Deutsche Sagen ("German Legends") is a publication by the Brothers Grimm, appearing in two volumes in 1816 and 1818. The collection includes 579 short summaries of German folk tales and legends (where "German" refers not just to German-speaking Europe generally but includes early Germanic history as well).

Deutsche Sagen followed the 1812 publication of Kinder- und Hausmärchen (known in English as Grimms' Fairy Tales). It never gained the wide popular appeal and influence of the latter, although it did influence the scholarly study of folk narrative.
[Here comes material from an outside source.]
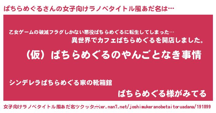 | 男性向けラノベタイトル風あだ名 | 『ばちらめぐるの憂鬱』 |

The first volume contains 362 short tales, provided in short summary with a source. The source is in some cases "oral", with the region where it was collected (as in no. 1, Die drei Bergleute im Kuttenberg "the three miners in Kuttenberg", marked "oral" from Hessen), in other cases with a reference to the tale's previous publication (as in no. 362, Die drei Alten "The three old men", attributed to "Schmidt aus Lübek", im Freimüthigen 1809. Nr. 1.) The tales of the first volume tend to blend common concerns of the poor and working classes with magical realism including the attainment of wealth and status, and includes references to Frau Holle, the Wild Hunt, ghostly apparitions, and magic, the devil, dwarves, giants, kobolds, nixes, etc. Less than a dozen folk tales contain the German word for witch or witchcraft (hexen) but there are many mentions of the devil and one tale (#120) also mentions an old woman that was a magician or sorceress (ein altes Weib, das eine Zauberin war).
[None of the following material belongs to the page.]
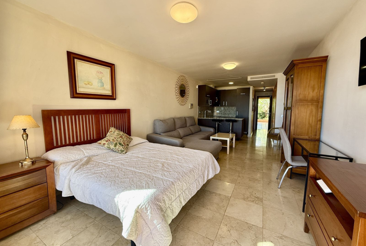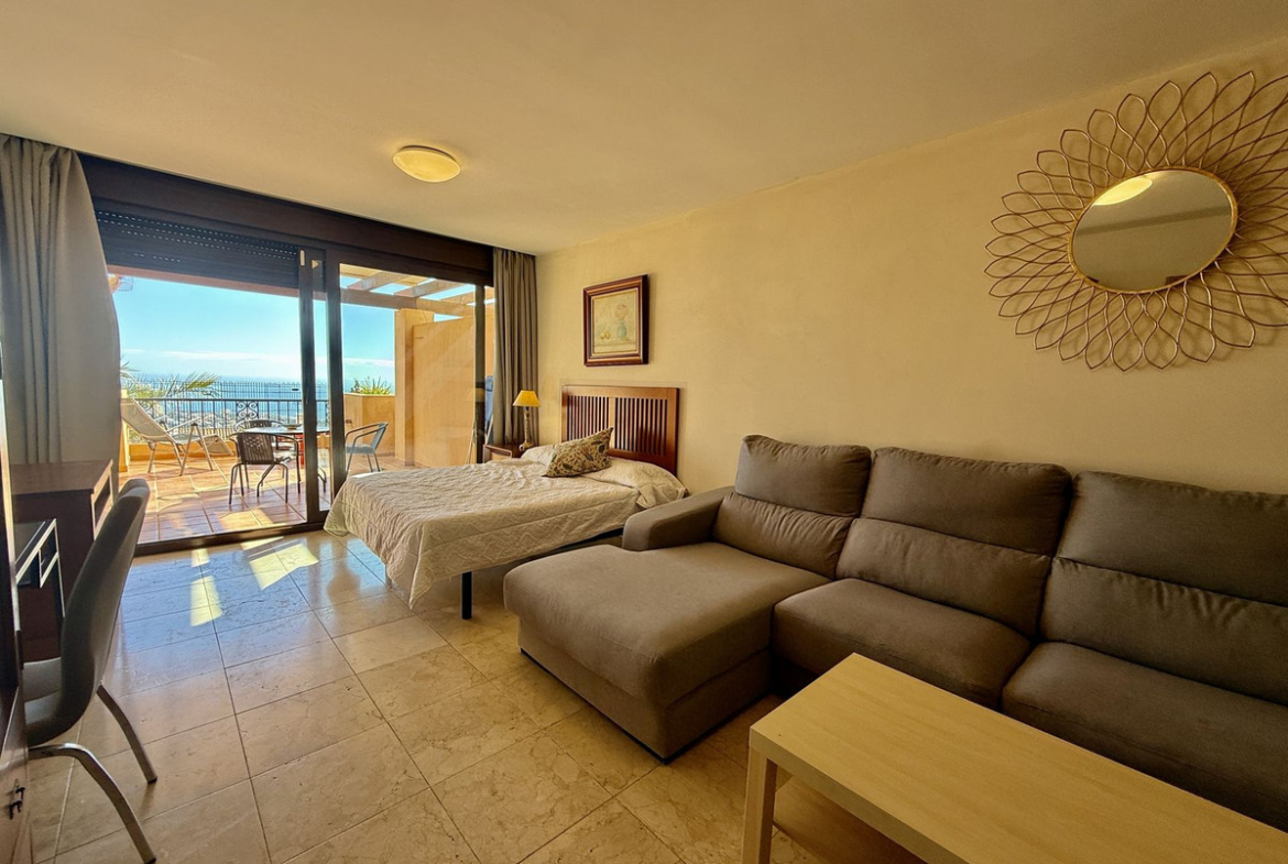 This 70-square-metre studio comprises a main room where it is possible to separate the bedroom area, the living-dining room and the kitchen. It has a spectacular south-facing terrace with sea views, and a parking space is included in the price.

The second volume (entries numbered 363-579) focusses on historical legends, including numerous translations from Latin sources pertaining to Germanic antiquity, beginning with Tacitus (no 363. Der heilige Salzfluß "the sacred salt-river", Annales XIII. 57), spanning both medieval legend
(e.g. no. 576. Hungersnoth im Grabfeld "famine in Grabfeld", Annales Fuldenses ad ann. 850) and early modern folkloristic records (e.g. no. 579 Die Gräfin von Orlamünde "the countess of Orlamünde", attributed to Wolfgang Lazius de migratione gentium libri VII in the edition of Waldenfels, antiquitatis selectae libri XII 1677, 4.465-474), blurring the lines between oral folk tradition and literary tradition.

Numbers 505-514 group a number of Swiss entries, including Radbot von Habsburg (505), Rudolf von Strättlingen (506), Idda von Toggenburg (507), Auswanderung der Schweizer (508), Der Bund im Rütli (511) and Wilhelm Tell (512).

A number of the stories record medieval antisemitic beliefs held by Germanic-speaking peoples. For example, The Jews' Stone, The Girl Who Was Killed by Jews, and Pfefferkorn the Jew at Halle, among others.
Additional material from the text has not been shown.